Arthur was back in Australia within a couple of years – with a resident’s visa and childhood sweetheart Dee. His life would soon change dramatically when he and his best mate, the late Doug “Whiskers” Palmer, decided to start a crane hire business.
Their big break came when they bought a typewriter and 10 sheets of paper and typed up a work proposal for BHP. They won the contract – and Arthur proudly still has the typewriter and six sheets of the paper.
Contracts with Phillips (now ConocoPhillips), Shell and Woodside soon followed. They loaded the first rig tender for Inpex when it employed only six people in Perth – it would grow to indirectly employ 9000 at Blaydin Point in Darwin.
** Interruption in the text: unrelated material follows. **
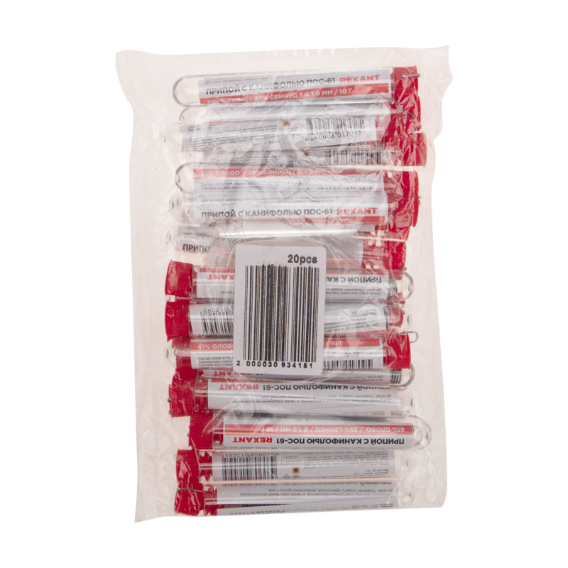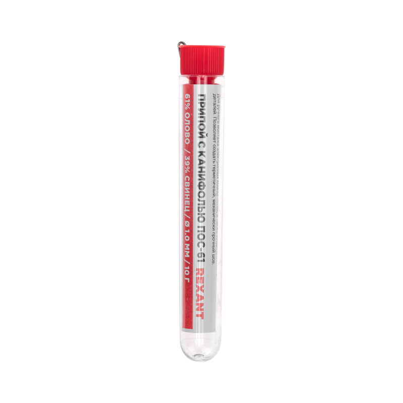 Припой с канифолью REXANT представляет собой проволоку (диаметром 1 мм) из сплава олова (61 %) и свинца (39 %). Используется в пайке для соединения деталей между собой и позволяет создать герметичный, механически прочный (устойчивый) шов. Нагреваясь до температуры плавления (183...188 °С) припой: расплавляется, смачивает спаиваемый металл и, растекаясь по нему — заполняет место между соединяемыми деталями.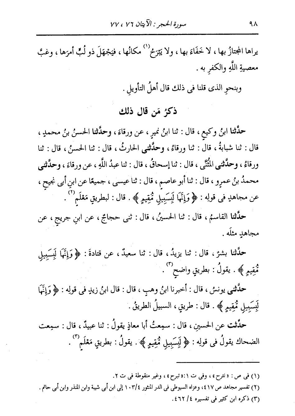 ذِكْرُ مَنْ قَالَ ذَلِكَ: حَدَّثَنَا ابْنُ وَكِيعٍ، قَالَ: ثنا ابْنُ نُمَيْرٍ، عَنْ وَرْقَاءَ، وَحَدَّثَنَا الْحَسَنُ بْنُ مُحَمَّدٍ، قَالَ: ثنا شَبَابَةُ، قَالَ: ثنا وَرْقَاءُ، وَحَدَّثَنِي الْحَارِثُ، قَالَ: ثنا الْحَسَنُ، قَالَ: ثنا وَرْقَاءُ، وَحَدَّثَنِي الْمُثَنَّى، قَالَ: ثنا إِسْحَاقُ، قَالَ: ثنا عَبْدُ اللَّهِ، عَنْ وَرْقَاءَ، وَحَدَّثَنِي مُحَمَّدُ بْنُ عَمْرٍو، قَالَ: ثنا أَبُو عَاصِمٍ، قَالَ: ثنا عِيسَى، جَمِيعًا عَنِ ابْنِ أَبِي نَجِيحٍ، عَنْ مُجَاهِدٍ، قَوْلُهُ: {§وَإنَّهَا لَبِسَبِيلٍ مُقِيمٍ} [الحجر: 76] قَالَ: «لَبِطَرِيقٍ مُعَلَّمٍ» . حَدَّثَنَا الْقَاسِمُ قَالَ: ثنا الْحُسَيْنُ قَالَ: ثني حَجَّاجٌ، عَنِ ابْنِ جُرَيْجٍ، عَنْ مُجَاهِدٍ، مِثْلَهُ

Shorelands was on its way to becoming one of the most successful and diverse companies in Northern Australia.
The bloke who arrived in Darwin with just a few dollars has done well – but there are no airs and graces to him.
“What you see is what you get with me,” he says. He tells anyone who will listen that the Territory is still the place to make your mark.
Arthur is now 63, going on 40, but the thought of retirement troubles him – he tries not to think about it because “there’s still too much to be done”.
“I don’t know what I’d do with myself,” he says. “Whiskers always told me, ‘A man needs a job – it keeps him out of the pub’.” TQ
ARTHUR HAMILTON’S FIVE RULES FOR BUSINESS SUCCESS
- Be neat and tidy – in other words, have a disciplined mind. “Neat yard, neat paperwork, neat machinery” demonstrates a pride in your work
- Be professional – “always do things properly; no one will employ someone in this business who isn’t professional”
- Be compassionate – “a young bloke came to me and offered to hire me his truck with him as the driver for $80 an hour. He was shocked when I offered to pay him $95 an hour. I knew he wouldn’t survive at $80. Nobody benefits when a business goes broke.”
- Treat your staff well – “they are key to success” – they will make you and definitely break you if you don’t look after them. “My staff are my greatest asset.”
- Remember your family – Arthur is divorced but still has an amicable relationship with his ex-wife Dee, and his three children, Nicole, Meegan and Jack, and a grandchild, Michael, work for him. Nicole does accounts and Meegan HR. Arthur says they are an important part of the team. “If you’re not happy at home you’ll go to work pissed off.” And always appreciate the work your wife does. “Even if she doesn’t work with you, she’s contributing hugely to your success by looking after the kids and home.Every man should be grateful every time he walks in the door and finds food on the table and have the self-satisfaction of being able to look after his family the best he can.”